• Problem to solve: Take nothing but the lines from the one with "أخرج الطبري بسنده" through the one with "Crafted from midweight" in the entries below, both ends kept, and return them exactly with pictures left out.

• Source information:
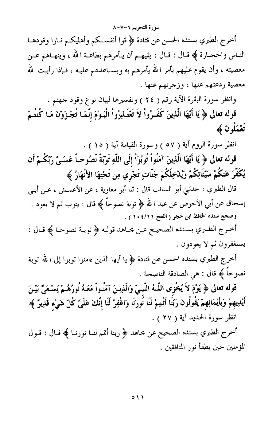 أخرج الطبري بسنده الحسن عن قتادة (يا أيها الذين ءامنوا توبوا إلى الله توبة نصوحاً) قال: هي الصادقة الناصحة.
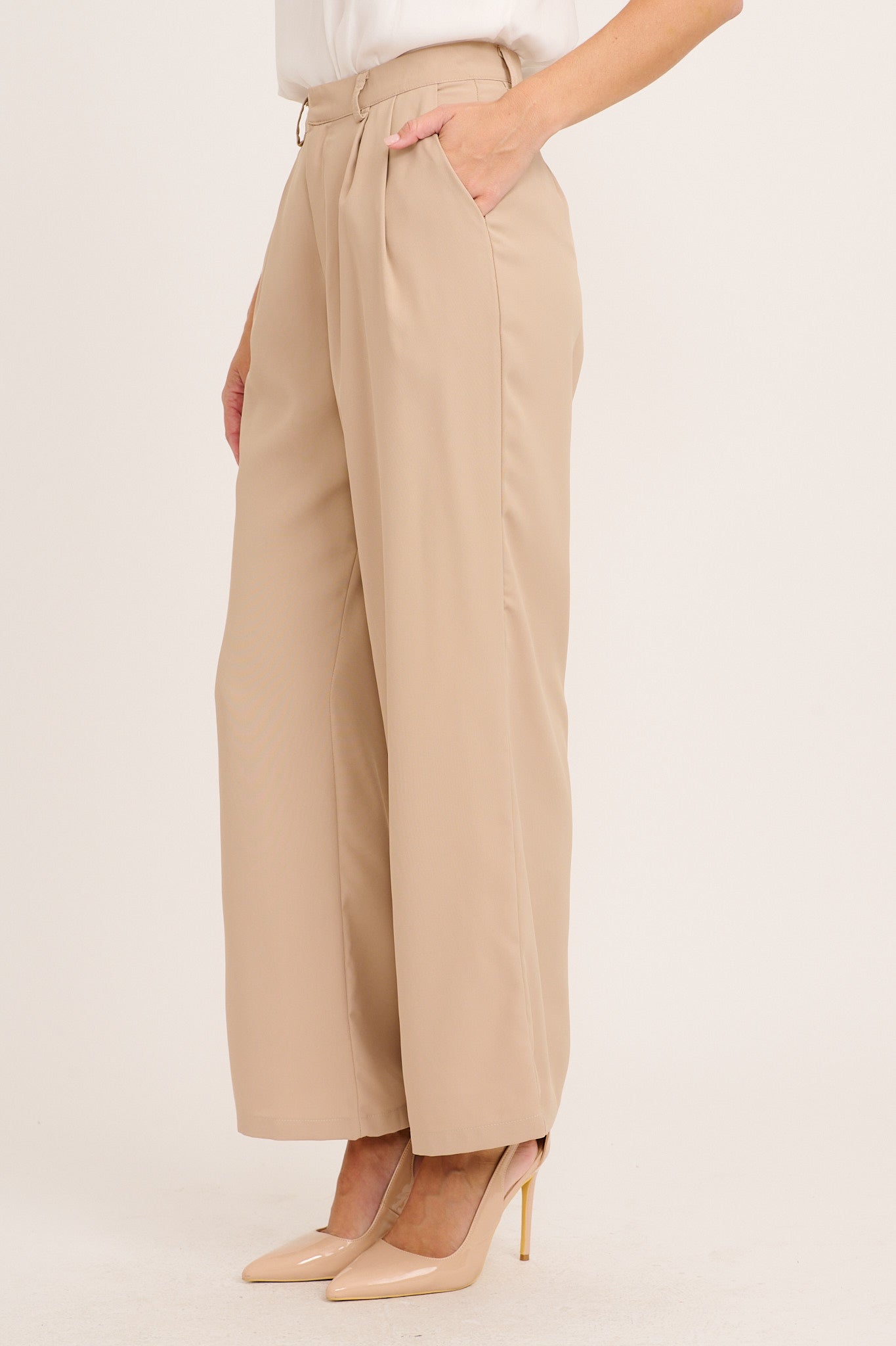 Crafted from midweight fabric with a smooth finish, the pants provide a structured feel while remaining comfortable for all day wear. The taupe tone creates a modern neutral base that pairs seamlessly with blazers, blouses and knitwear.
...
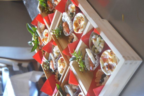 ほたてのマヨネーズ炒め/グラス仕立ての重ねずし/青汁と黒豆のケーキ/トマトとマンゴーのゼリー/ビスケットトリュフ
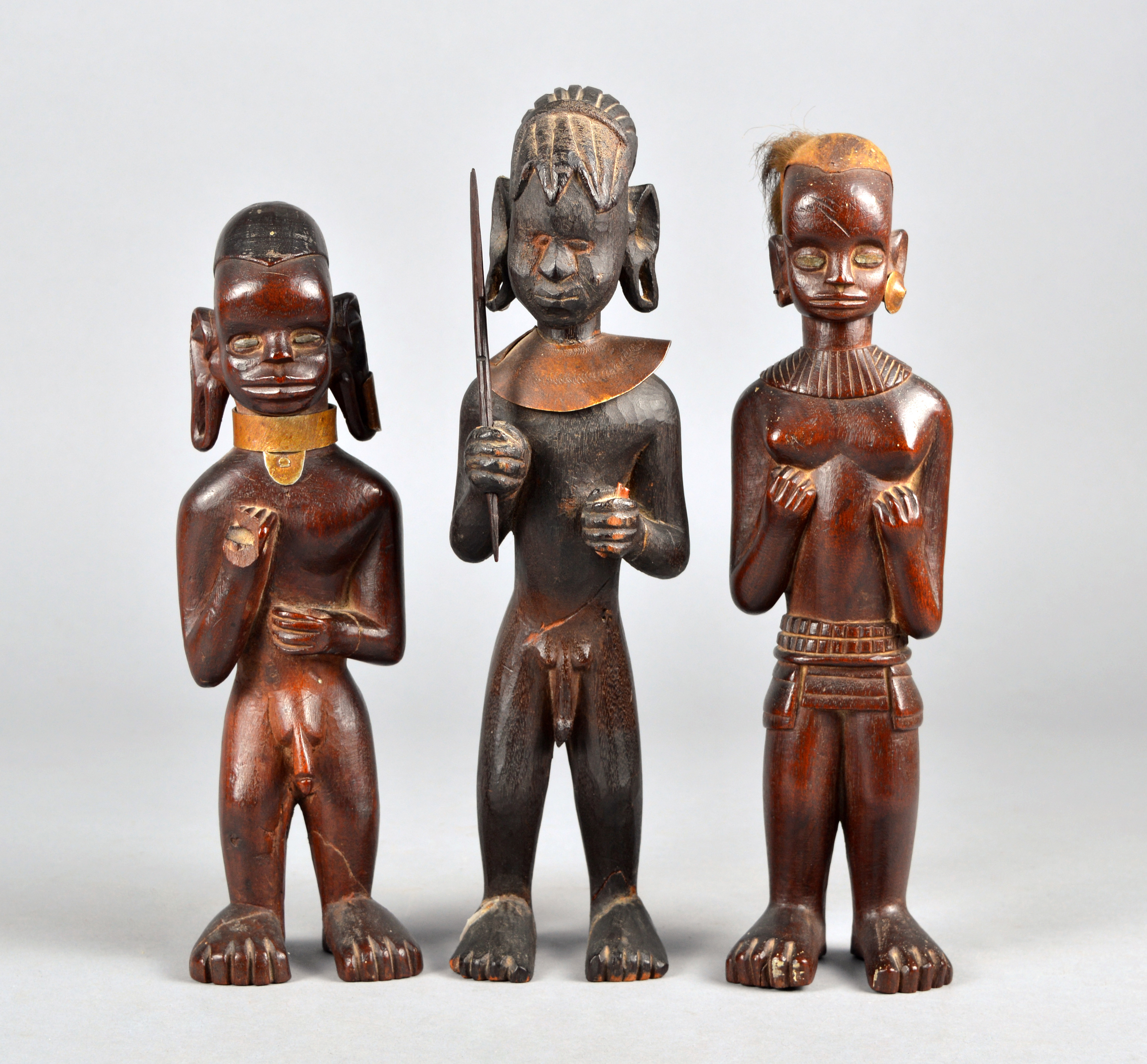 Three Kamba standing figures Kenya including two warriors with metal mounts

• Expected answer:
 أخرج الطبري بسنده الحسن عن قتادة (يا أيها الذين ءامنوا توبوا إلى الله توبة نصوحاً) قال: هي الصادقة الناصحة.
 Crafted from midweight fabric with a smooth finish, the pants provide a structured feel while remaining comfortable for all day wear. The taupe tone creates a modern neutral base that pairs seamlessly with blazers, blouses and knitwear.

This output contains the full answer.